= Mehmet Ali Yaprak =

Turkish businessman and drug trafficker

Mehmet Ali Yaprak (1949 in Nizip – 4 January 2004) was a Turkish businessman and drug trafficker, who was involved in the Susurluk scandal. He died in Kartal Prison in January 2004 after falling into a diabetic coma. Yaprak was kidnapped on 25 April 1996 and released a week later. He was a major figure in the captagon trade.

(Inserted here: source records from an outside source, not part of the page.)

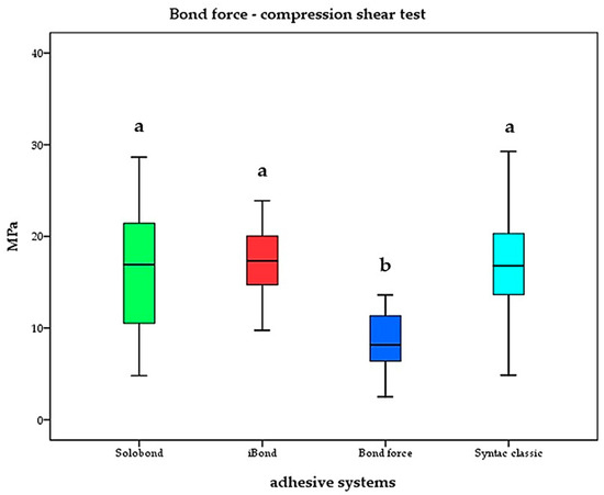 Shear bond strength of the applied adhesives. Significance is marked by different letters (p < 0.05).
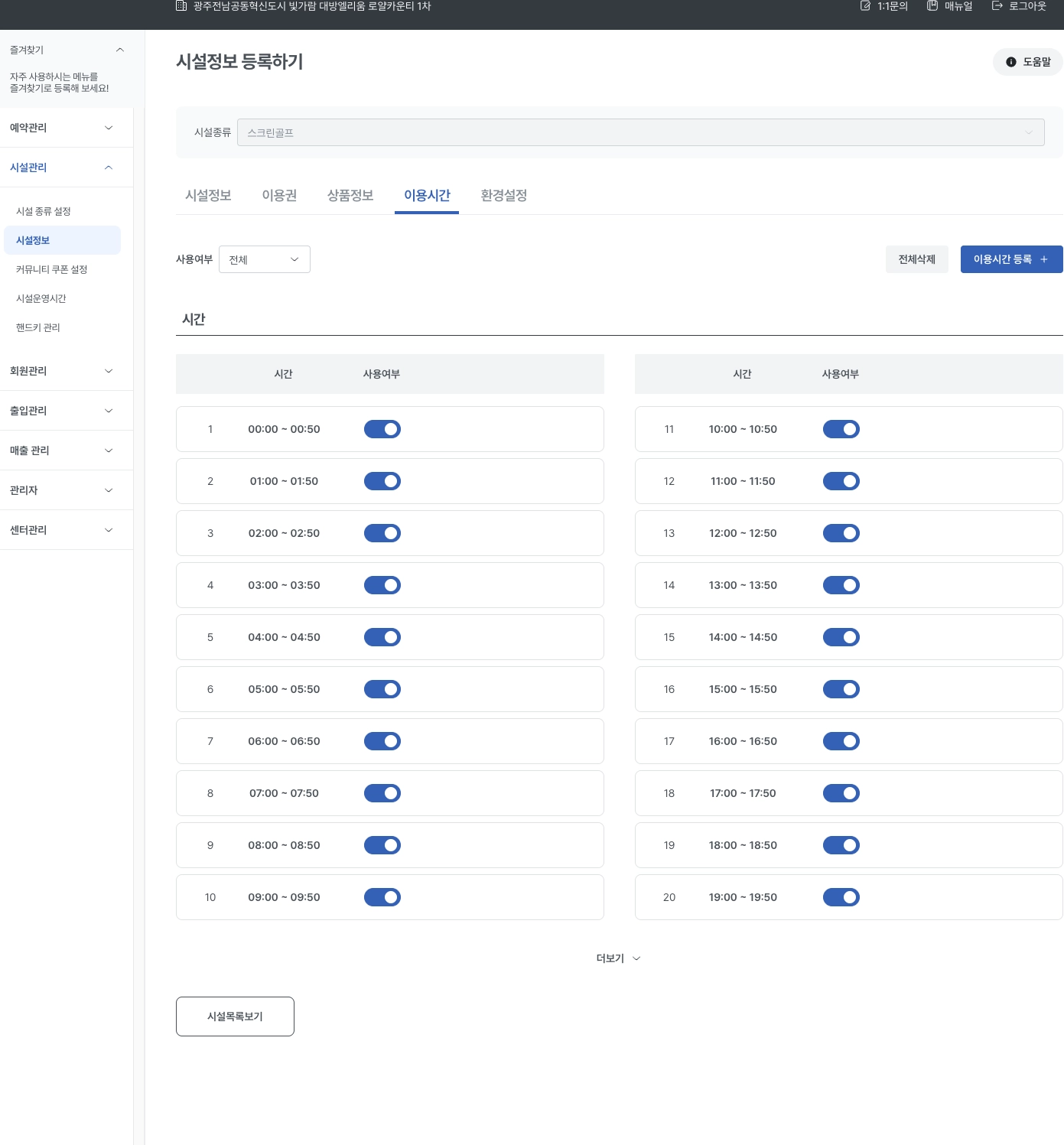 골프장-시간순 시설의 경우 이용시간을 등록해야 합니다.
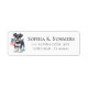A refined address label featuring a dark grey schnauzer holding an American flag, combining timeless elegance with patriotic charm, perfect for dog lovers who appreciate classic style. Perfect for 4th of July celebration invitations.
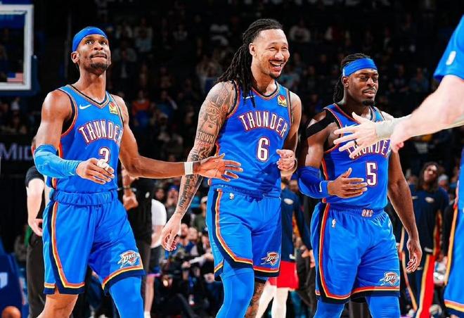 森林狼这边,东尼-爱德华兹26分5篮板5助攻2抢断;杰登-麦克丹尼尔斯21分4篮板4助攻2盖帽;丹特-迪温琴佐11分5篮板5助攻2抢断;朱利叶斯-兰德尔13分5篮板5助攻4抢断;纳兹-里德18分7篮板;鲁迪-戈贝尔14分11篮板。雷霆这边,谢伊-吉尔杰斯-亚历山大30分6篮板8助攻;切特-霍姆格伦15分5篮板3盖帽;以赛亚-哈尔滕施泰因11分5篮板;卡森-华莱13分;阿龙-威金斯10分4篮板5助攻2抢断。
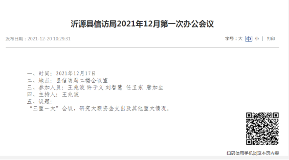 | 标题: | 沂源县信访局2021年政府信息公开工作年度报告 | ||
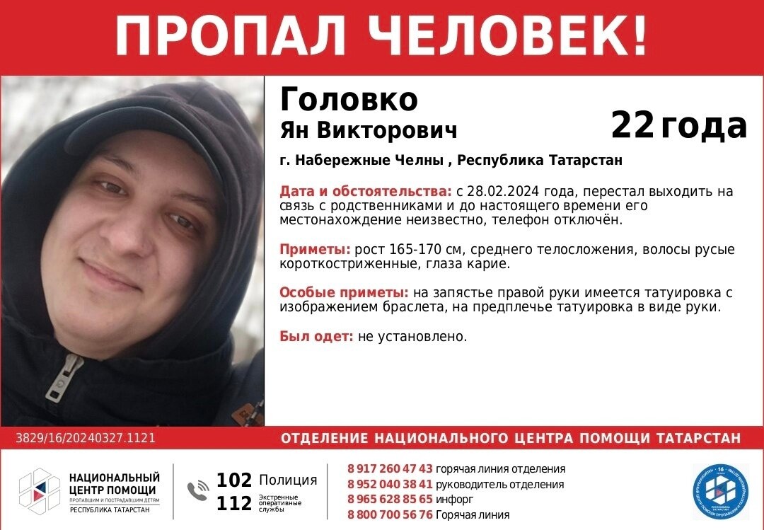 В Челнах ищут 22-летнего парня, пропавшего месяц назад
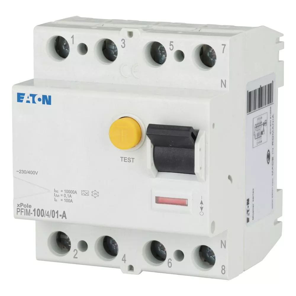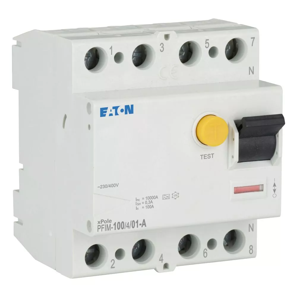 Fehlerstrom-Schutzschalter PFIM, 4-polig, Bemessungsstrom Ein: 100 A, Bemessungskurzschlussfestigkeit Icn: 10 kA, Bemessungsfehlerstrom IΔN: 0,1 A, Schaltgeräte für den Wohnungsbereich und kommerzielle Anwendungen
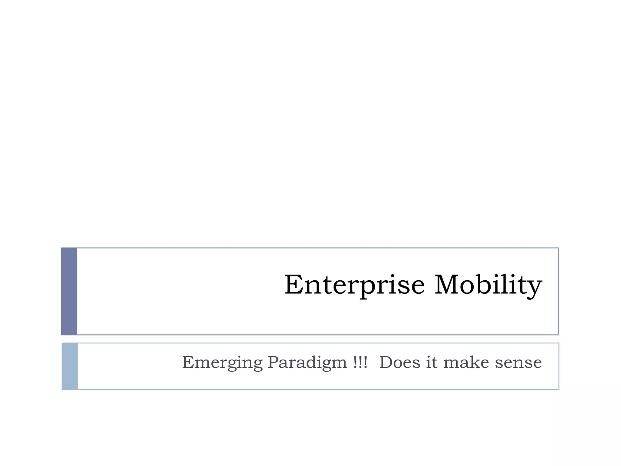 Enterprise mobility refers to mobile devices, networks, services, applications, and solutions. It involves mobile application development, lifecycle management, and managed mobility services like mobile device management and security. Mobility is driving changes in IT as personal devices are used for work. Many organizations are developing mobile apps and supporting BYOD. Mobility poses new challenges for security, management, integration and costs. While mobility adoption is increasing, enterprises face challenges from the fragmented market and balancing user and organizational needs.

Yaprak was ostensibly a businessman with a television channel (Yaprak TV), a radio station, and a tourism company (Hidayet Turizm). However, he also led a feared gang that smuggled Captagon via Syria and Saudi Arabia, according to the Susurluk scandal MİT report. His tourism company facilitated the trafficking. The report says that Yaprak donated 500 billion Lira to support Mehmet Ağar's electoral campaign. Upon learning of Yaprak's wealth, Abdullah Çatlı and a team of 6–7 dressed in police uniform kidnapped Yaprak on 25 May 1996 and took him to a house in Siverek belonging to the Bucak clan. The kidnapping, motivated by the desire to know where the Captagon was coming from and cut Topal out of the loop, was directed by police in Ankara. Yaprak paid 10 million DM in ransom, however Çatlı and his fellow kidnappers received only a small portion of this. When they found out that they had been cheated, they fell out with their overlords in Ankara. They then kidnapped Yaprak a second time and interrogated him, sending one copy of the interrogation tape to Bucak and another to Eymür through MİT agent Müfit Sement. Leveraging the tapes, Çatlı worked out an agreement with Ankara.

Yaprak was convicted in 1997 for involvement in the assassination of Gaziantep Bar lawyer Burhan Veli Torun, and released due to an amnesty law (Şartlı Salıverilme Yasası). In 2002, he was re-imprisoned after being caught with 5 million pills of Captagon. He died in prison, January 2004.